Source data
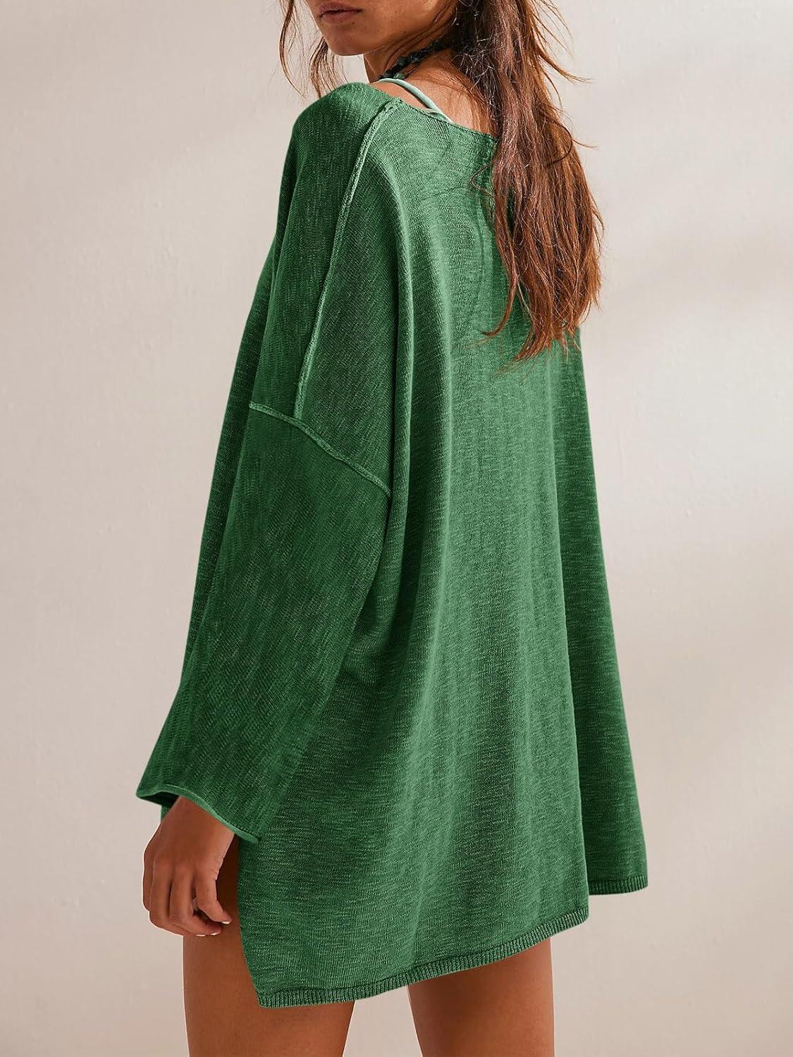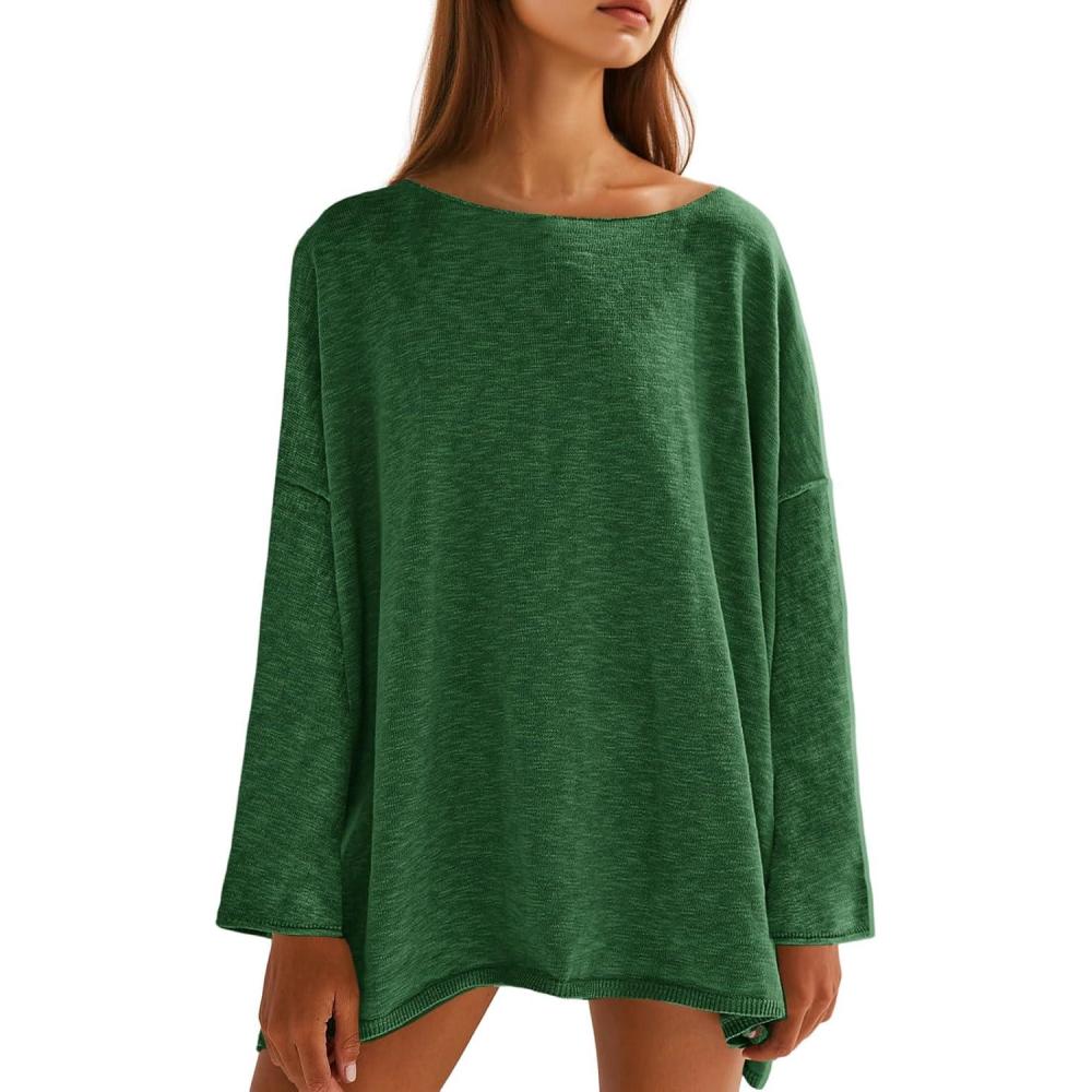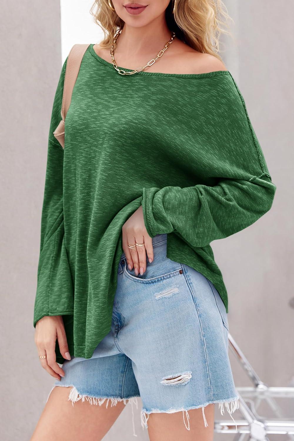 Tankaneo Womens Long Sleeve Shirts Oversized Lightweight Sweaters Crewneck Side Slit Hem Casual Blouse Tunic Tops(Green)
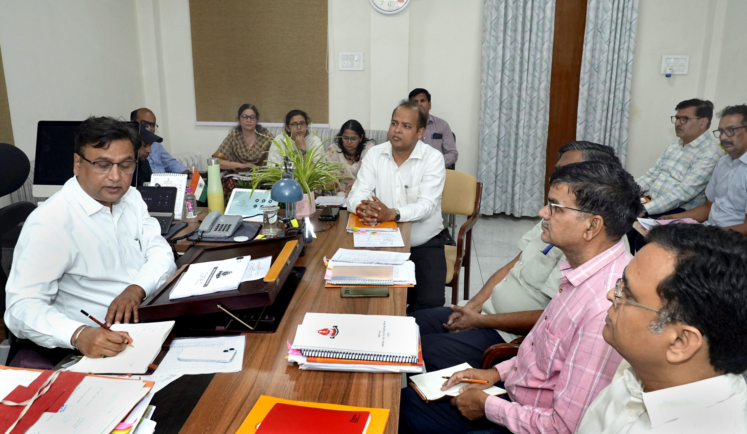 निदेशक आशीष मोदी ने बैठक में स्कैमेटिक बजट, बजट घोषणा वर्ष 2024-25 से 2026-27 एवं मुख्यमंत्री निर्देशों की समीक्षा, भारत सरकार से बजट आवंटन एवं उपयोगिता प्रमाण पत्र की समीक्षा सहित विभाग द्वारा संचालित विभिन्न योजनाओं की जानकारी दी।
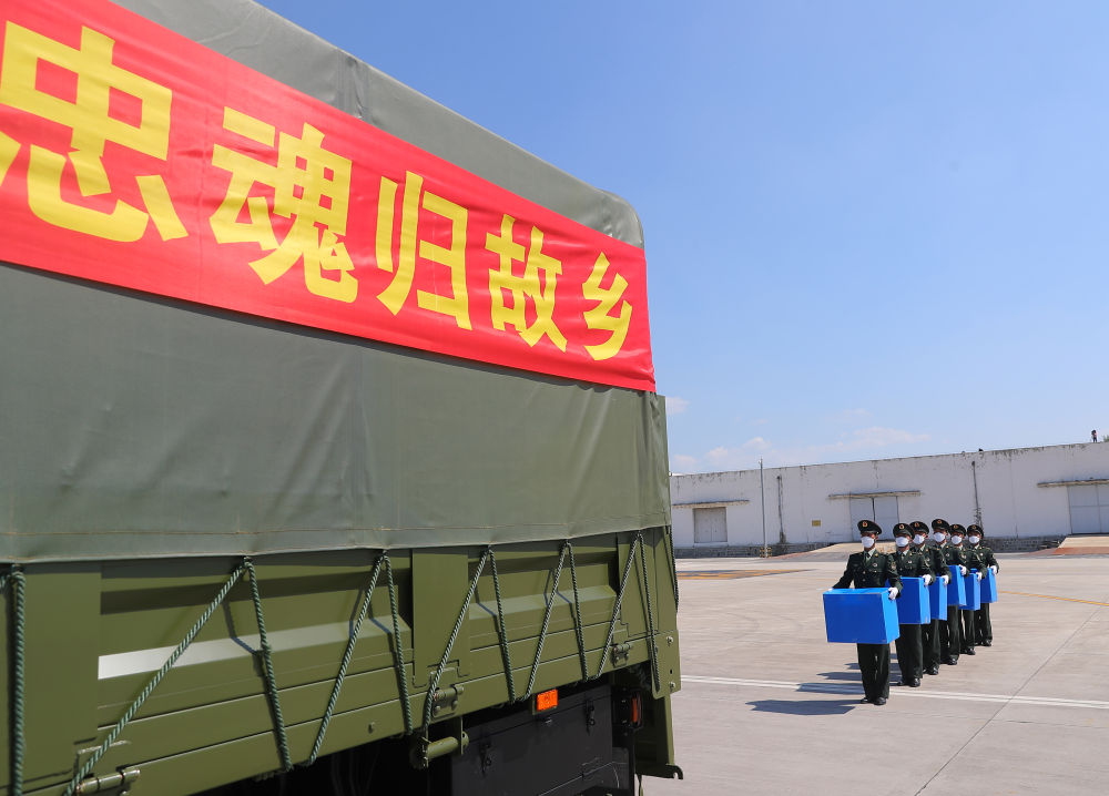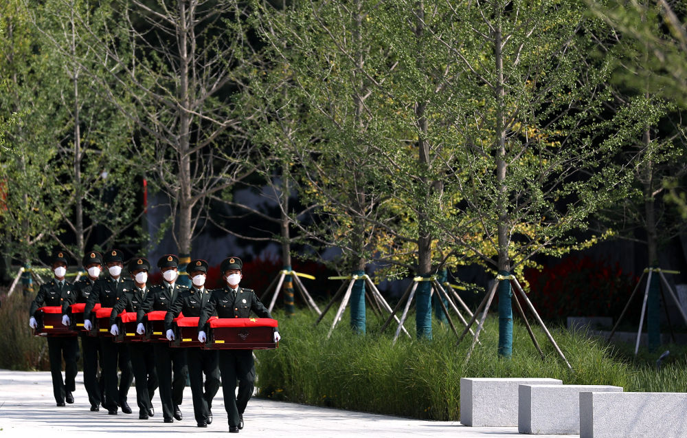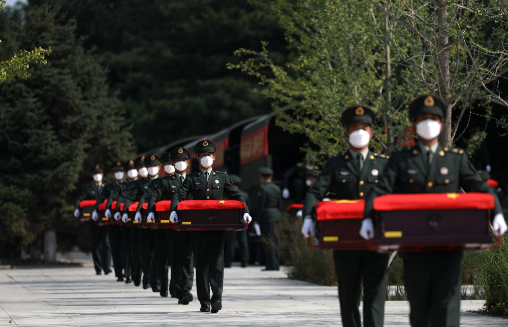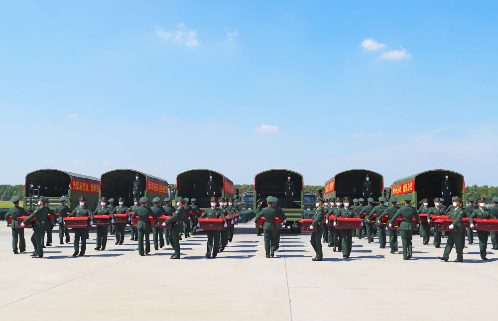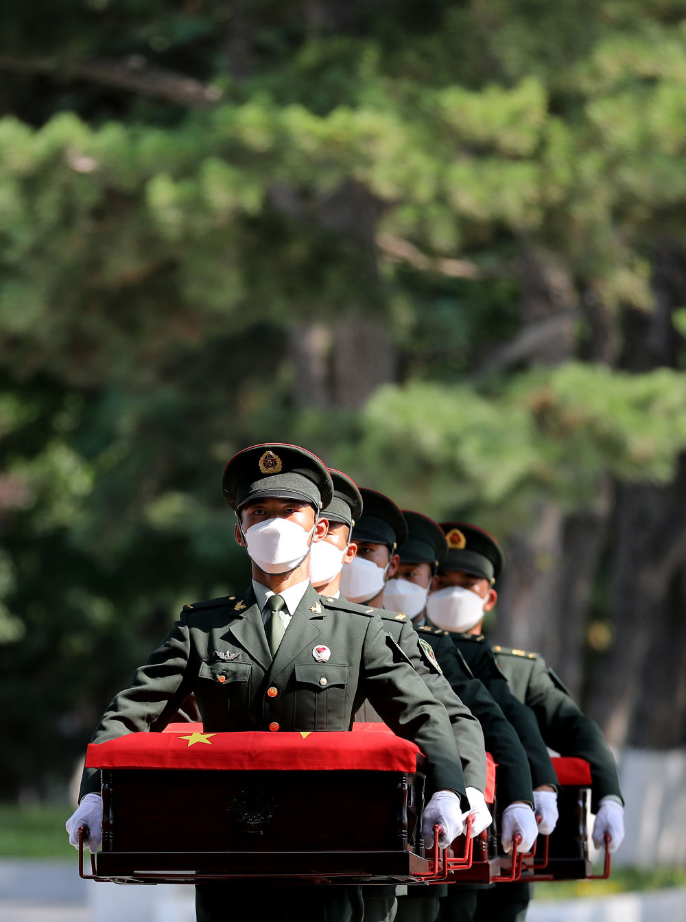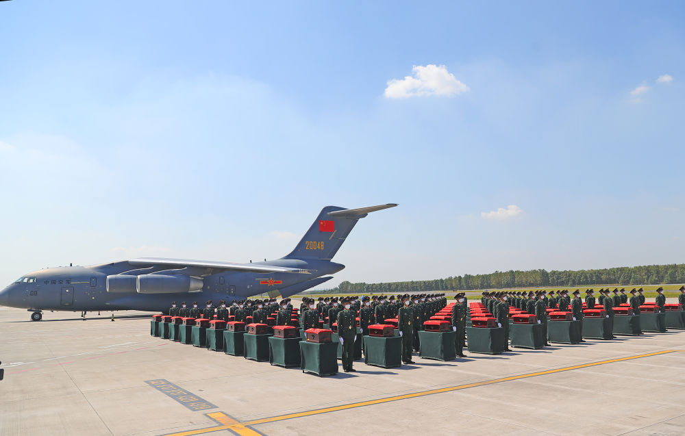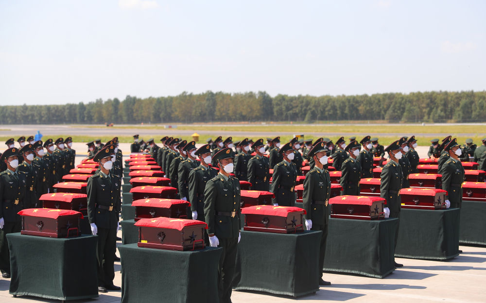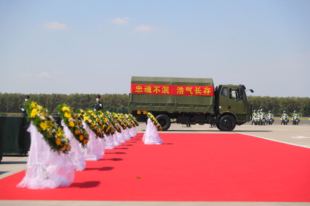 ↑9月2日,志愿军烈士的遗骸抵达沈阳抗美援朝烈士陵园。

Work task
Would you print the material exactly once more, without any of its pictures?

Answer box
 Tankaneo Womens Long Sleeve Shirts Oversized Lightweight Sweaters Crewneck Side Slit Hem Casual Blouse Tunic Tops(Green)
 निदेशक आशीष मोदी ने बैठक में स्कैमेटिक बजट, बजट घोषणा वर्ष 2024-25 से 2026-27 एवं मुख्यमंत्री निर्देशों की समीक्षा, भारत सरकार से बजट आवंटन एवं उपयोगिता प्रमाण पत्र की समीक्षा सहित विभाग द्वारा संचालित विभिन्न योजनाओं की जानकारी दी।
 ↑9月2日,志愿军烈士的遗骸抵达沈阳抗美援朝烈士陵园。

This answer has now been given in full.